### Work instruction:
Pictures must be kept out of the copy. Every entry is to be duplicated exactly.

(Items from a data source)
========

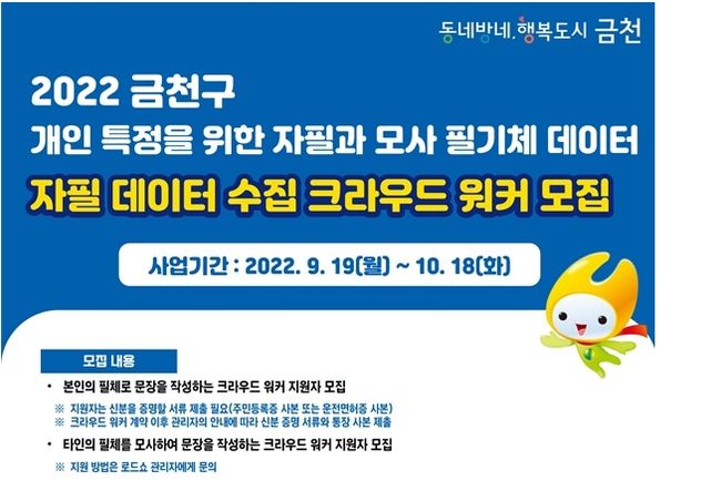 금천구는 9월 19일부터 10월 18일까지 인공지능 학습용 데이터를 구축하기 위한 크라우드 워커(crowd worker) 지원자를 모집한다고 밝혔다.
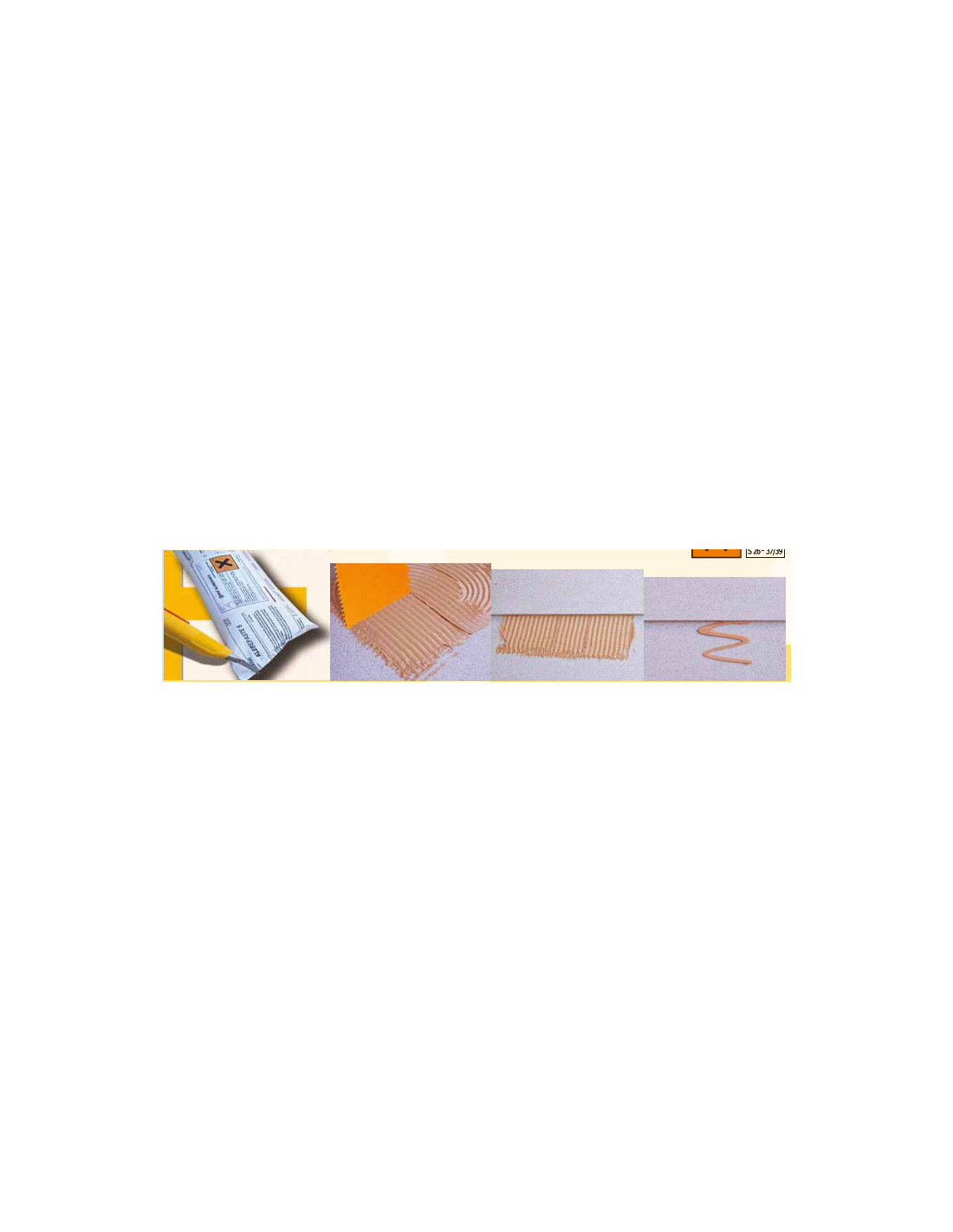 La cantidad de adhesivo a aplicar depende del tipo de materiales a unir, y la media está entre 1 a 1,8 kg/m2.- El tiempo de fraguado del adhesivo depende del tipo de materiales a unir, del tipo de superficie y también de la cantidad de adhesivo empleado. A temperatura de 20°C el adhesivo estará listo en 12 horas. Embalaje y almacenamiento- El adhesivo se suministra en tubos plásticos. El peso es de 1000 gramos.- La caducidad es de al menos 6 meses, el adhesivo se debe almacenar entre temperaturas de +5°C y 25°C. Nota: el adhesivo puede irritar la piel. Evitar todo contacto con los ojos. Cuando una parte del adhesivo tome contacto con los ojos, limpiarlos rápidamente con abundante agua corriente y visitar el médico. Emplee ropa de protección adecuada, guantes y gafas.
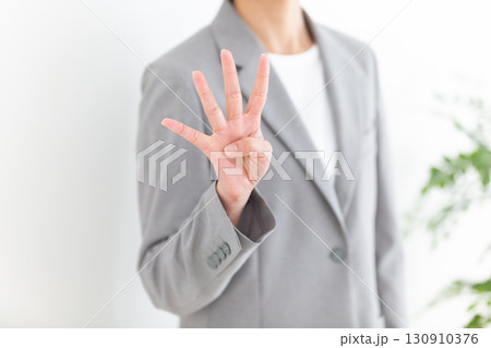 指を4本立てるグレーのスーツ姿のミドル女性ビジネスウーマン
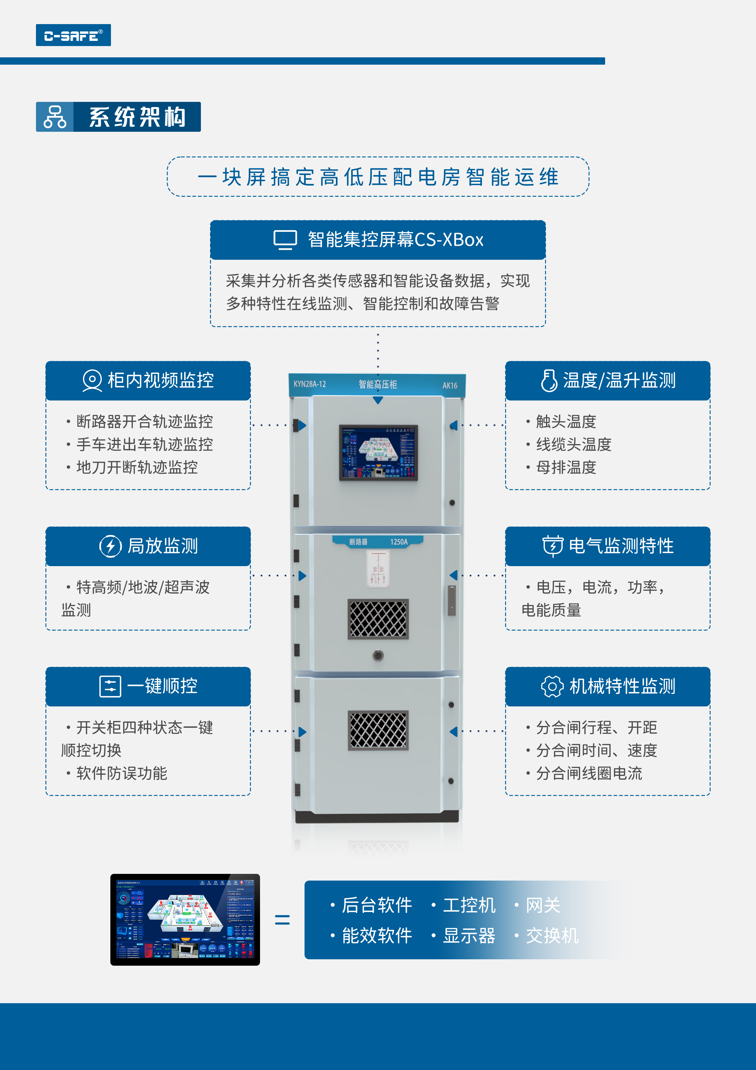 智慧高压柜系统解决方案,结合传统高压柜与智慧触控屏,集成的多种数字化监控功能,帮助用户以全新的方式操作和管理高压柜,能及时预警,避免故障的发生。
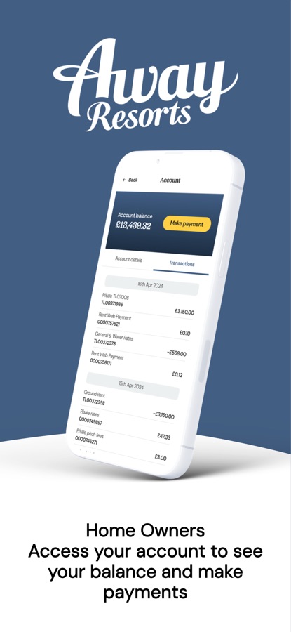 The Away Resorts app is the perfect companion for holidaymakers and holiday home owners. Sign-in with your Away Resorts booking or owner reference number to explore and discover your Away Resorts.

========

### Solution for this exercise:
 금천구는 9월 19일부터 10월 18일까지 인공지능 학습용 데이터를 구축하기 위한 크라우드 워커(crowd worker) 지원자를 모집한다고 밝혔다.
 La cantidad de adhesivo a aplicar depende del tipo de materiales a unir, y la media está entre 1 a 1,8 kg/m2.- El tiempo de fraguado del adhesivo depende del tipo de materiales a unir, del tipo de superficie y también de la cantidad de adhesivo empleado. A temperatura de 20°C el adhesivo estará listo en 12 horas. Embalaje y almacenamiento- El adhesivo se suministra en tubos plásticos. El peso es de 1000 gramos.- La caducidad es de al menos 6 meses, el adhesivo se debe almacenar entre temperaturas de +5°C y 25°C. Nota: el adhesivo puede irritar la piel. Evitar todo contacto con los ojos. Cuando una parte del adhesivo tome contacto con los ojos, limpiarlos rápidamente con abundante agua corriente y visitar el médico. Emplee ropa de protección adecuada, guantes y gafas.
 指を4本立てるグレーのスーツ姿のミドル女性ビジネスウーマン
 智慧高压柜系统解决方案,结合传统高压柜与智慧触控屏,集成的多种数字化监控功能,帮助用户以全新的方式操作和管理高压柜,能及时预警,避免故障的发生。
 The Away Resorts app is the perfect companion for holidaymakers and holiday home owners. Sign-in with your Away Resorts booking or owner reference number to explore and discover your Away Resorts.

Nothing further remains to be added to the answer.